Service Relations allow for a Service schema to specify a dependancy or requirement on another ServiceItem from another type of Service.

Scenario

A simple example of when a Service relation could be used would be when an organisation is offering a load-balancing service. For this load-balancing service to exist, it always needs to point to some virtual machines that the Consumer owns and are in existance.

There for the Service Owner for the load-balancer Service would specify in their Schema that the user must include a reference to the virtual-machine ServiceItems that they have already requested.

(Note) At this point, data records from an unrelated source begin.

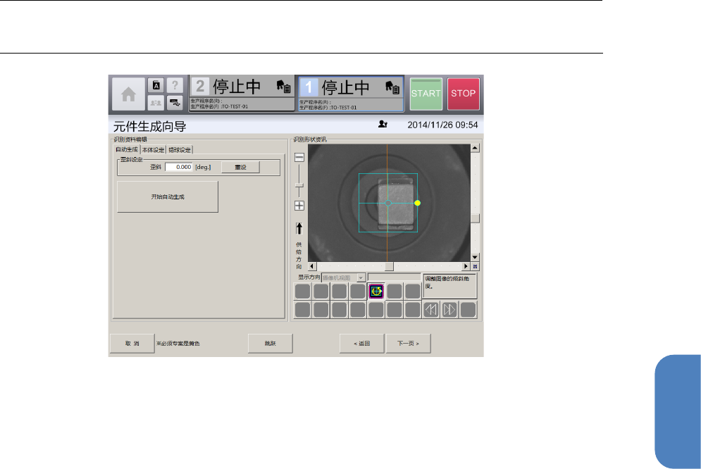 [自动生成]选项卡,可在[吸取、废弃]画面中吸取有元件时,自动从摄像机图像制作脚元件的识别数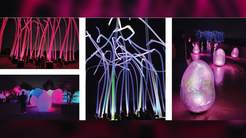 عبر تفاعلات الضوء مع عناصر البيئة والألوان والأصوات، يحتفي الفنانون المشاركون في السلسلة الثانية من معرض «منار أبوظبي»، والتي كشفت عنها دائرة الثقافة والسياحة - أبوظبي، أخيراً، في أعمالهم الفنية التي توزعت بين جزر العاصمة أبوظبي وشملت الحياة والطبيعة والتفاعل المتواصل بين الإنسان والكائنات الحية من جهة، والبيئة المحيطة بها من جهة أخرى، حيث إن الأعمال التي يضمها المعرض تعد جزءاً من أكثر من 35 عملاً من الأعمال التكليفية الفنية المخصصة للمواقع، بتوقيع أكثر من 20 فناناً محلياً وإقليمياً وعالمياً.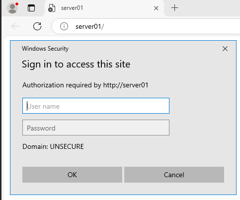When trying to connect to “http://Server01”, Responder prompts for credentials via HTTP: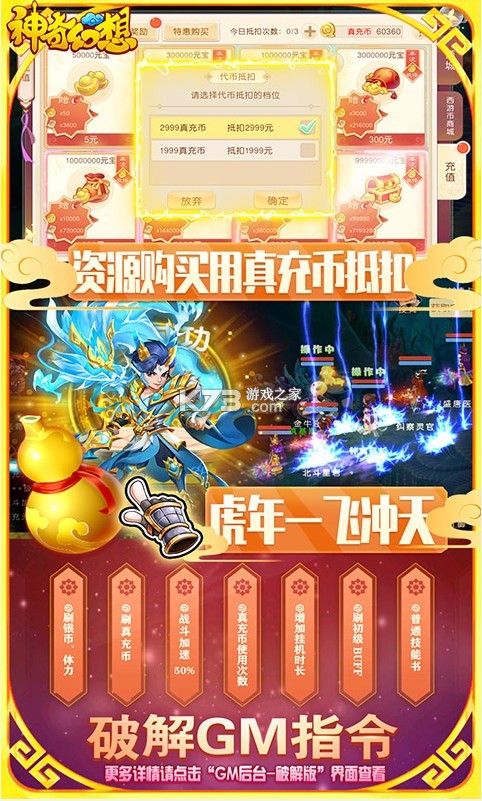 2、gm破解版,免费刷buff、刷体力、刷技能书、刷真充币等;

This would allow the load-balancer ServiceOwner to leverage NetOrcas validating to ensure the Consumer is making the right request upfront.

In this scenario the load-balancer ServiceOwner team would be dependant on another ServiceOwner team to define and offer the virtual-machine service.

Specifying a relation

Reference list

You can use a reference list to require the Consumers to specify multiple other ServiceItems of the same Service type.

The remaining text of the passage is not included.